A Petrobrás tem uma história que não se confunde com as revistinhas do Capitão América e do Homem Aranha. Um dos episódios marcantes dessa história figura em meu livro Getúlio Vargas, a Morte com um Sorriso, sobre a crise de agosto de 1954, que pretendo publicar assim que conseguir editora.
No auge da crise, Getúlio era atacado toda noite na televisão, às vezes horas a fio, por Carlos Lacerda, que pedia sua renúncia ou sua derrubada por um golpe militar. Lacerda se revezava nas duas únicas TVs existentes no Brasil, uma no Rio, ainda Capital da República, a outra em São Paulo, ambas de propriedade de Assis Chateaubriand, nosso Rei da Mídia na época.
Além desse monopólio da televisão, Chateaubriand era dono de jornais poderosos e rádios fortíssimas em todos os Estados e de uma revista semanal ilustrada, O Cruzeiro, com mais de 500 mil exemplares de circulação.  O Brasil tinha na época pouco mais de 50 milhões de habitantes e hoje tem quatro vezes isso, mais de 200 milhões. Mantidas as proporções, O Cruzeiro venderia hoje 2 milhões de exemplares.  Todos esses veículos de Chateaubriand estavam mobilizados para derrubar Getúlio.

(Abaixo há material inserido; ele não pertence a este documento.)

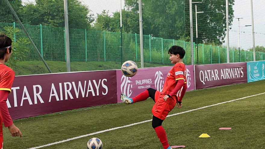 VOV.VN - ĐT nữ Việt Nam tích cực tập luyện hướng đến trận đấu với ĐT nữ Lào sau khi đã có chiến thắng 3-0 trước Campuchia trong ngày ra quân ở giải AFF Cup nữ 2022.

O subchefe do Gabinete Militar de Getúlio, General Mozart Dornelles,  conhecia Chateaubriand e ficara seu amigo na Revolução de 30, que Chateaubriand cobrira como jornalista (e até se incorporara ao trem que trazia Getúlio e o estado-maior da revolução de Porto Alegre para o Rio). Ferido pela fúria dos ataques de Carlos Lacerda, o General foi procurar Chateaubriand sem informar Getúlio.
A  pretexto, como sempre,  de denúncias de corrupção que os fatos desmentiram completamente, Lacerda ultrapassou todos os limites  na madrugada de 24 de agosto, quando se noticiou que Getúlio se afastaria do governo, licenciando-se, para o Vice Café Filho  assumir as investigações em andamento, embora enfiado até o pescoço no golpe contra o governo.  Eram ataques tão pessoais e desmedidos que Lacerda chegou ao ponto de dizer na Rádio Globo, entrevistado ao vivo nessa madrugada:
- Licença? Ele tem é que apodrecer na prisão!
O General Mozart  esteve com Chateaubriand bem antes disso e perguntou por que aquela campanha. Chateaubriand não fez cerimônia e respondeu, sem a menor preocupação com o que no futuro a história poderia revelar desse encontro:
- Mozart, eu adoro o Presidente... É só ele desistir da Petrobrás que eu tiro as televisões do Lacerda e entrego a quem o Presidente quiser para fazer a defesa do governo.
O General voltou para o Palácio do Catete, sede da Presidência no Rio,  encontrou o Ministro da Justiça Tancredo Neves, seu cunhado, contou o que ouvira de Chateaubriand e pediu a opinião de Tancredo: deveria ou não contar a Getúlio sobre a proposta de Chateaubriand?
- Acho que você deve contar, sim. O Presidente deve ser informado disso. Mas você sabe, Mozart, como eu sei, que o Presidente morre mas não desiste da Petrobrás.
Dias depois, Getúlio estava morto – e, morrendo como morreu, garantiu que a Petrobrás vivesse, ameaçada muitas vezes, mas sempre resgatada pela força do sentimento popular e pela resistência de seu corpo técnico.
Espero que a sugestão atribuída ao juiz Moro pela grande mídia, não pelos blogs, seja desmentida ou descartada e não tentem levá-la também às universidades. Se ideias como essa viralizarem, logo os orçamentos públicos terão de ser corrigidos para destinar mais recursos à construção de presídios. O Brasil, já o terceiro país que mais prende no mundo, disputará o segundo e quem sabe o primeiro lugar nessa corrida. E um novo slogan eleitoral poderá ser oferecido pelos marqueteiros a candidatos emergentes desse arrastão inquisitorial: “Mais prisões, menos escolas!"